Directions for this task
When you reproduce the listing, keep every word as it is and drop the pictures.

Recorded data
========================================

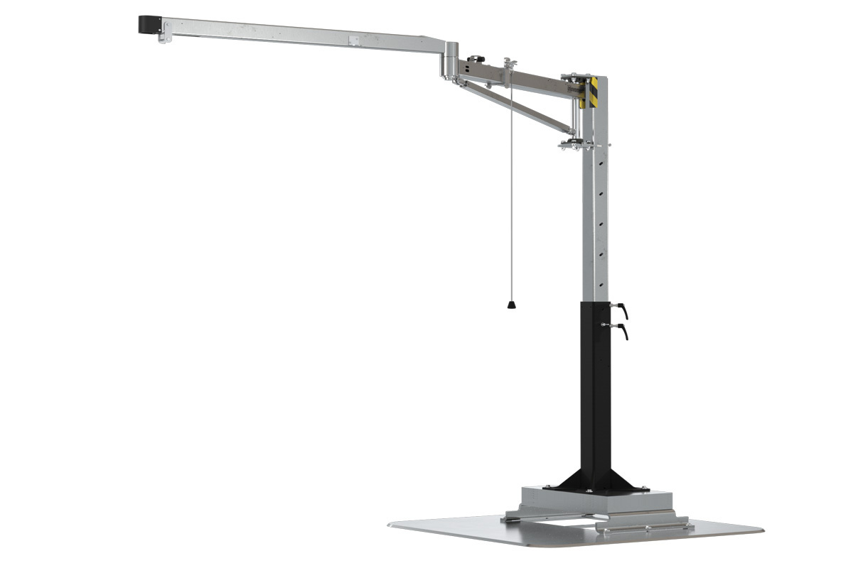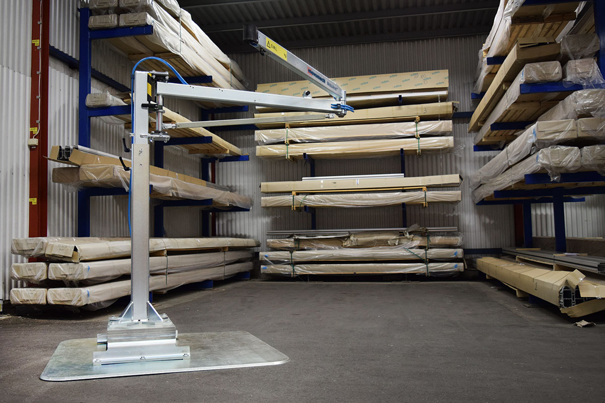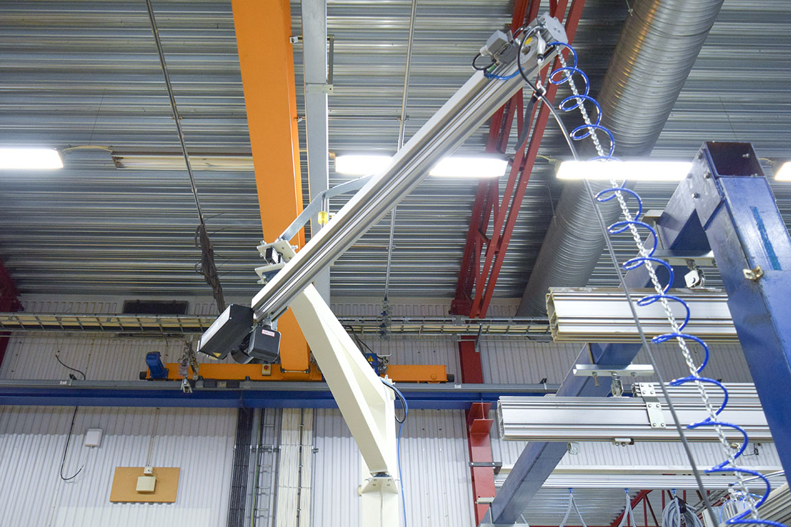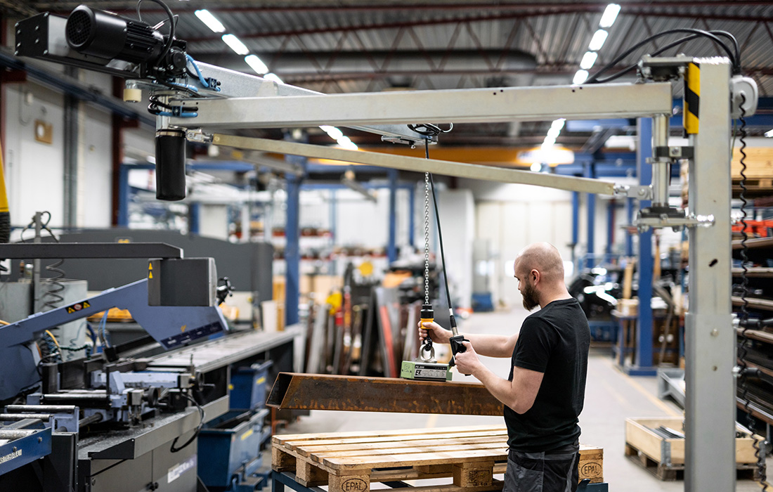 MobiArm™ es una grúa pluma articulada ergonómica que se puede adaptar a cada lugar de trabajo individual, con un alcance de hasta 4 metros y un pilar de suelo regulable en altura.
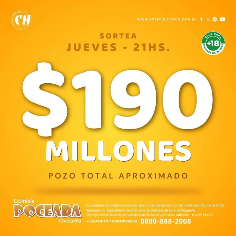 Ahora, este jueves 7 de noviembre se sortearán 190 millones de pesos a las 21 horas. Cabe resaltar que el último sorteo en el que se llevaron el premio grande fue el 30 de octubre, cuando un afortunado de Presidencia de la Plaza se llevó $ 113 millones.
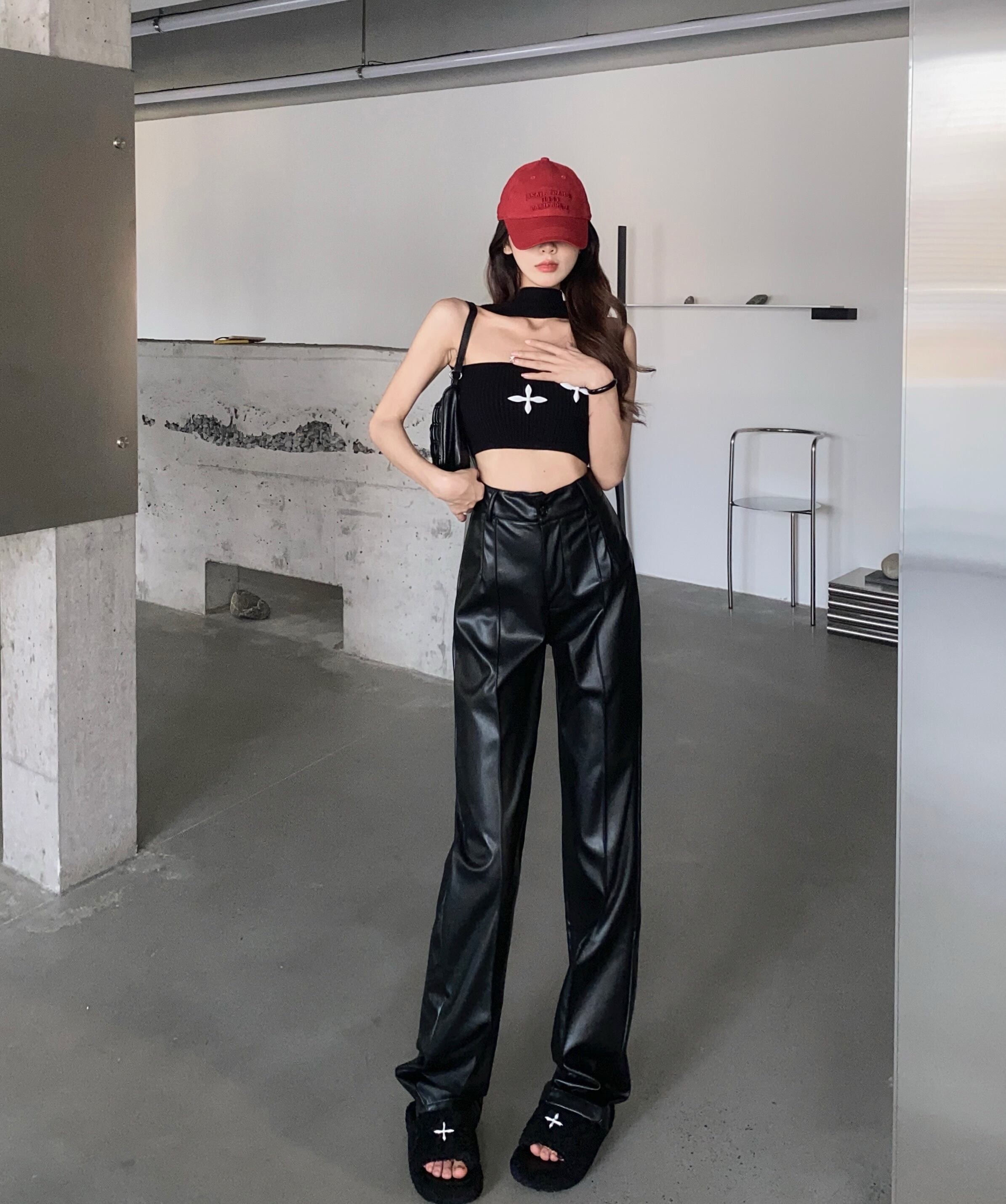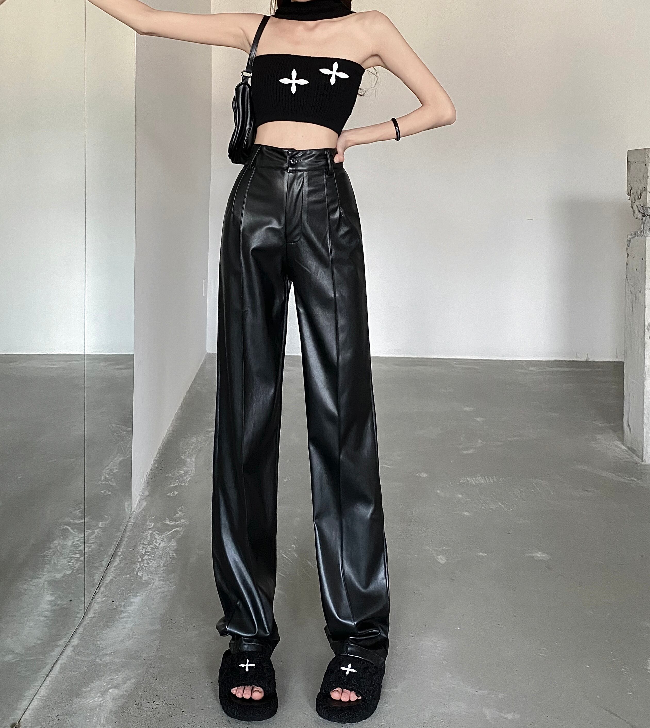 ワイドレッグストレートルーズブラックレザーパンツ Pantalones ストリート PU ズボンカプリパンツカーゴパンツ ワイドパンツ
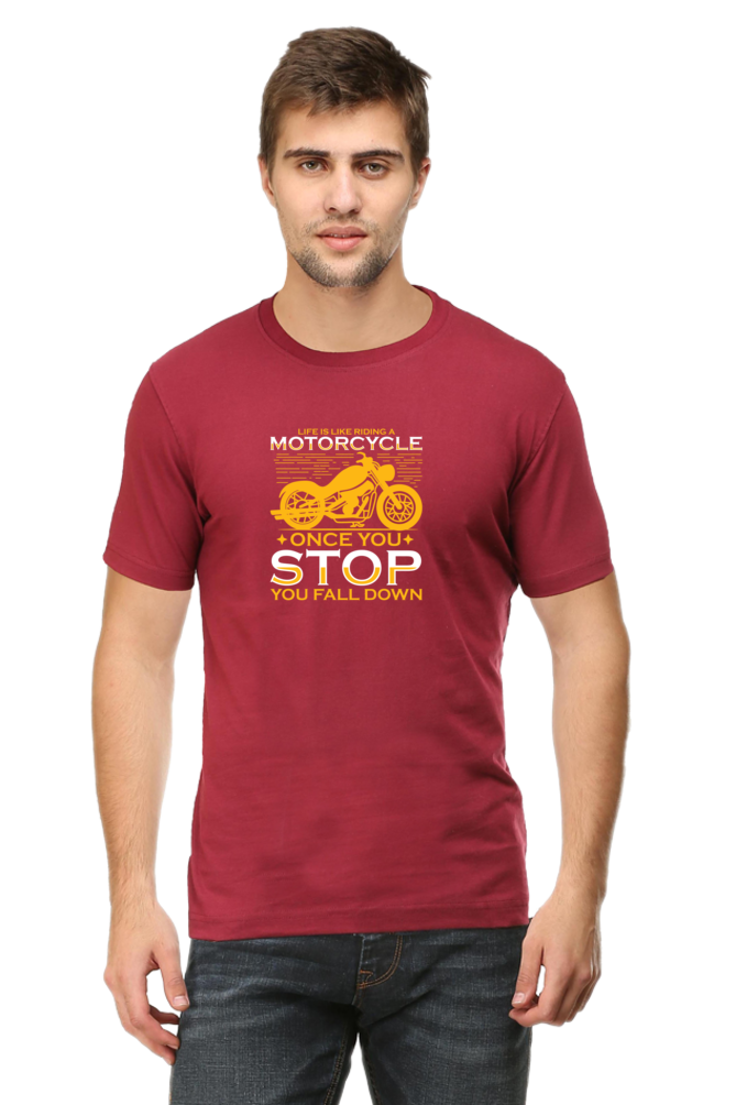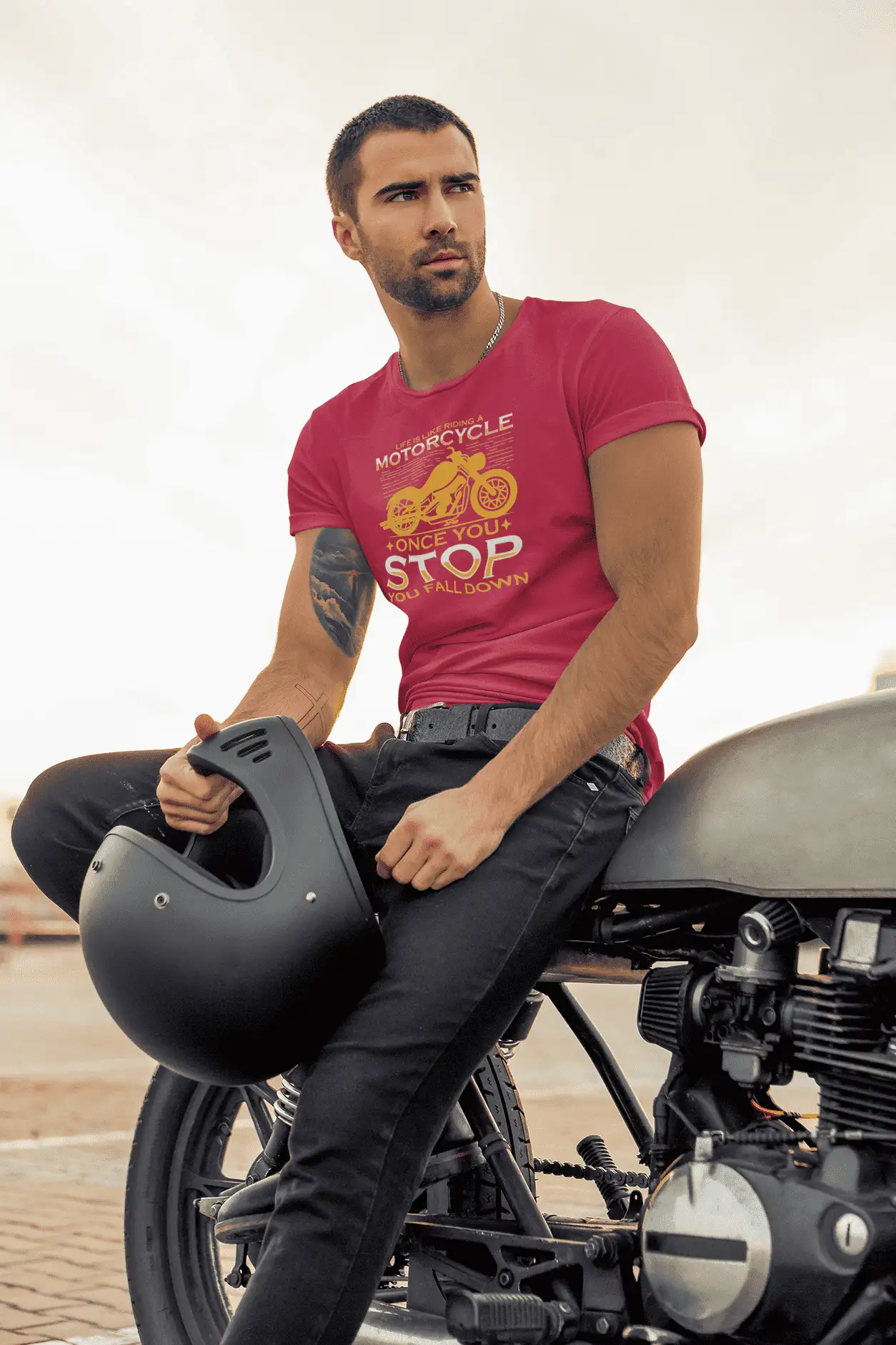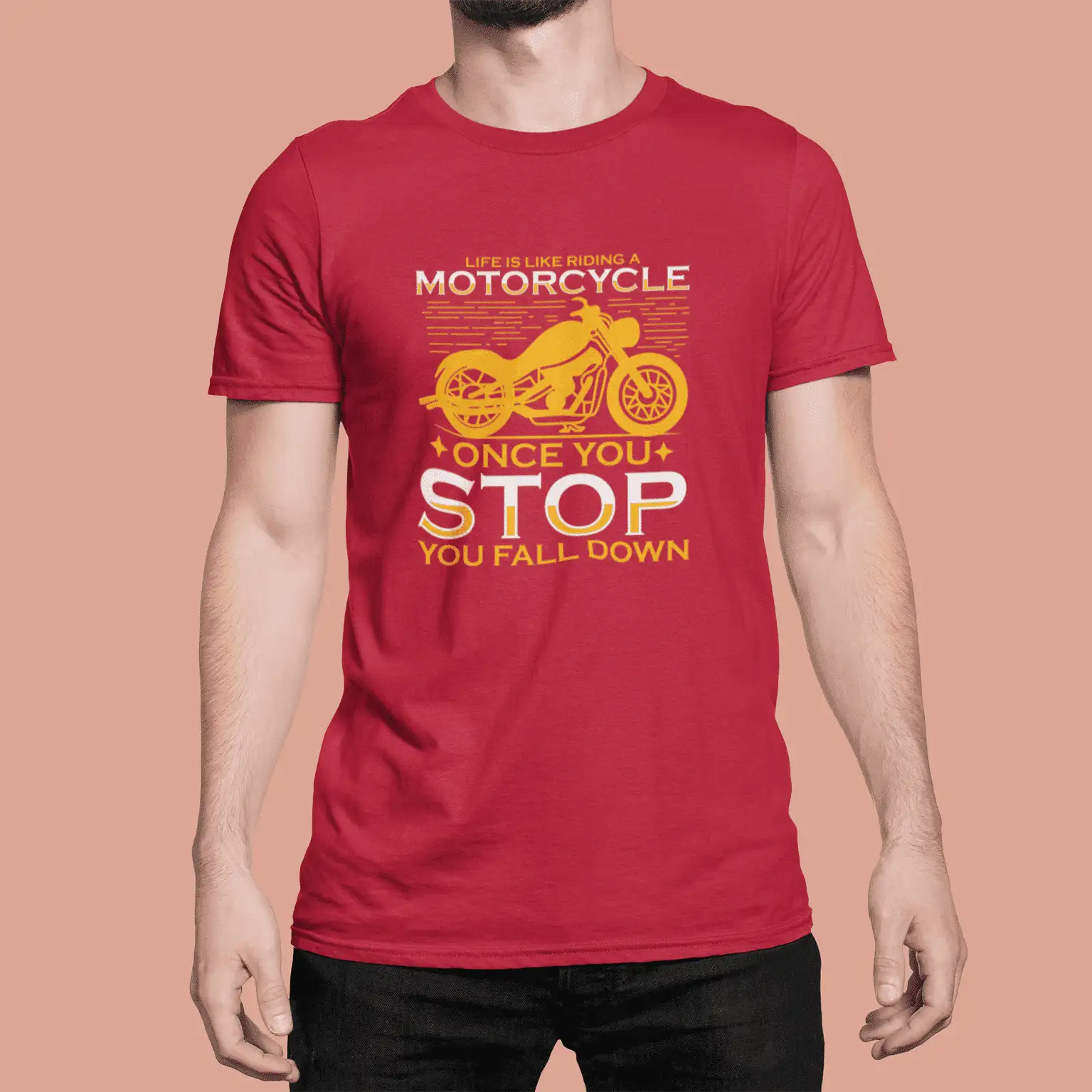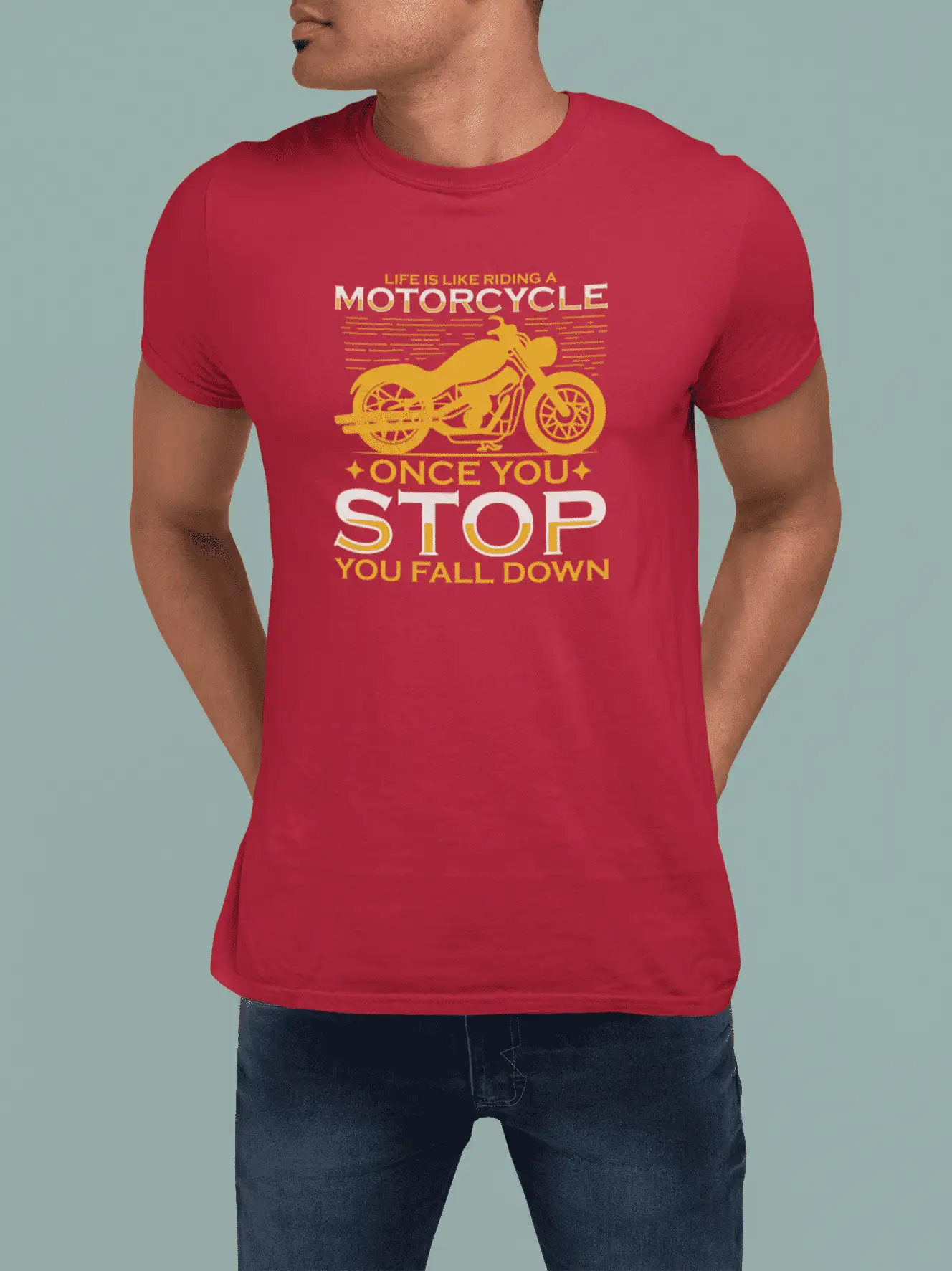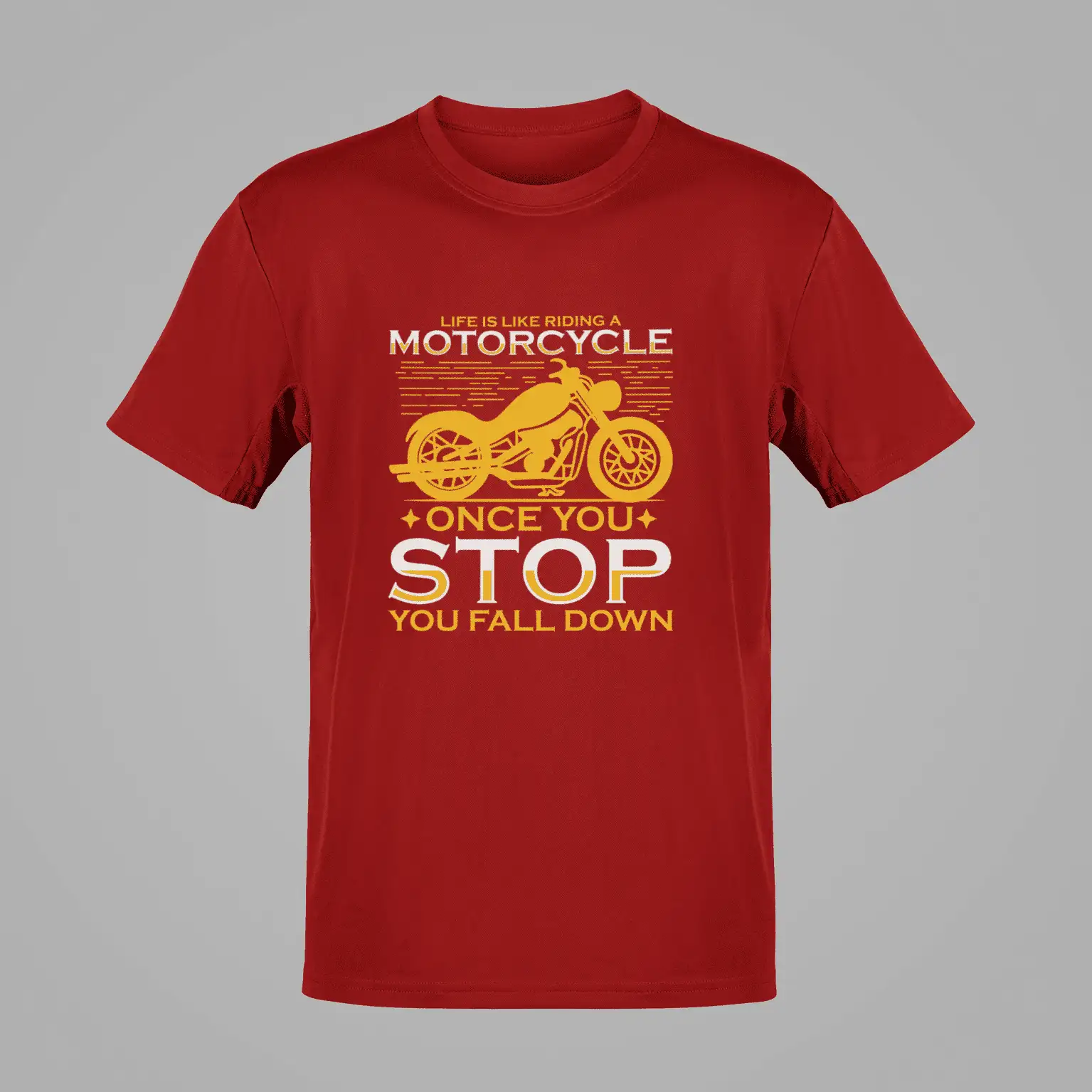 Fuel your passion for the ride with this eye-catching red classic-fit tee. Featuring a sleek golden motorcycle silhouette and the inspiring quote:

========================================

Finished exercise
 MobiArm™ es una grúa pluma articulada ergonómica que se puede adaptar a cada lugar de trabajo individual, con un alcance de hasta 4 metros y un pilar de suelo regulable en altura.
 Ahora, este jueves 7 de noviembre se sortearán 190 millones de pesos a las 21 horas. Cabe resaltar que el último sorteo en el que se llevaron el premio grande fue el 30 de octubre, cuando un afortunado de Presidencia de la Plaza se llevó $ 113 millones.
 ワイドレッグストレートルーズブラックレザーパンツ Pantalones ストリート PU ズボンカプリパンツカーゴパンツ ワイドパンツ
 Fuel your passion for the ride with this eye-catching red classic-fit tee. Featuring a sleek golden motorcycle silhouette and the inspiring quote:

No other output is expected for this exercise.